Анатолий Черноусов - Повести
Трава картошку глушит — нужно помочь старухе протяпать огород, одна–то она когда управится. А еще городские одолели — сделай да сделай им оконные рамы, наличники, ставни, а отказать Парамон не может: натура такая.
Вот и Римма упросила Парамона смастерить для будущего домика новые наличники и ставни, и тоже Парамон не смог отказать: такая молодая да обходительная женщина просит!..
Когда у Горчакова выдавалась свободная минута, он любил посидеть под навесом, где у Парамона располагался верстак, где на деревянных шпильках, вбитых в стену стайки, висели лучковая пила, ножовка, скобель, складной метр, а на полке хранились рубанки, стамески, зубила, молоточки, ручные буравчики (Парамон называл их «напа рьями»), железное «жига ло» для прожигания дырочек в дереве.
Горчакову нравился запах стружки и опилок, нравилось гладить рукой доску после того, как Парамон прошелся по ней рубанком, — какая гладкая и теплая поверхность! Сколь красив рисунок слоистой древесины! Какой затейливый узор нарисовался сам собой вокруг темного сучка!
По всему было видно, что Парамон любит столярничать, знает и чувствует дерево.
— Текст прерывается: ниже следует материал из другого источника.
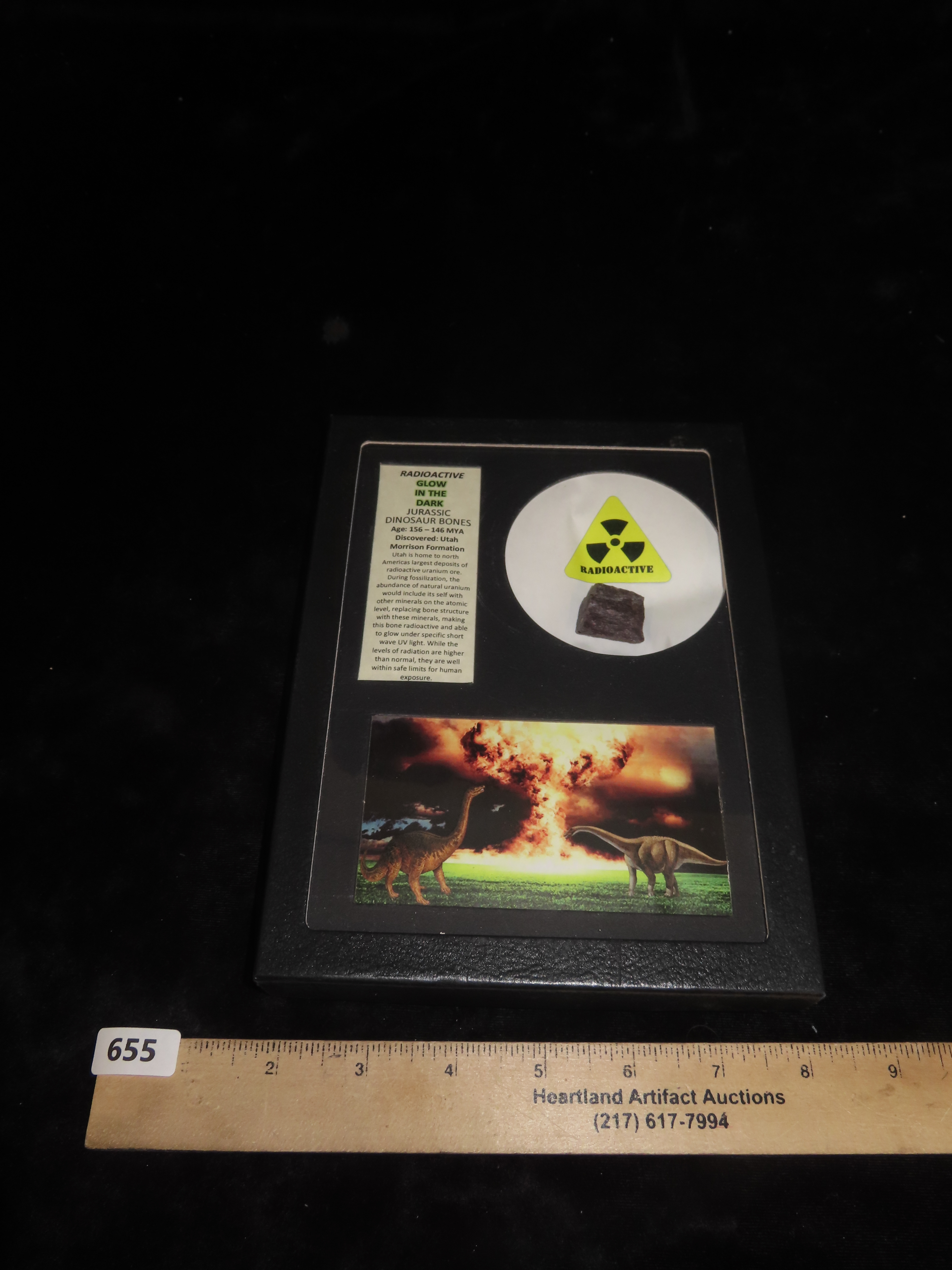 8 3/8" x 6 1/2" Case with Radioactive Glow in the Dark Jurassic Dinosaur Bone, 156 - 146 MYA, Discovered in Utah, Morrison Formation

— Древесина, — чуть даже таинственно говорил он Горчакову во время перекура, — должна лет одиннадцать выдерживаться, сохнуть, только тогда она делается мертвая. А до этого она живая, в ей ишо не закрылись дырочки махонькие, канальчики, если говорить по–научному, по которым сок по стволу подымается. Сделают из живой древесины чё–нить, стул там или стол, а он, глядишь, рассохся. Дак он как не рассохнется, — начинал горячиться Парамон, — ежели она ишо живая!.. Только из омертвелой древесины можно мебель ладить! Оттого–то старинная мебель и крепкая, вечная, износу ей нет! А нынешна–то скоро распадается.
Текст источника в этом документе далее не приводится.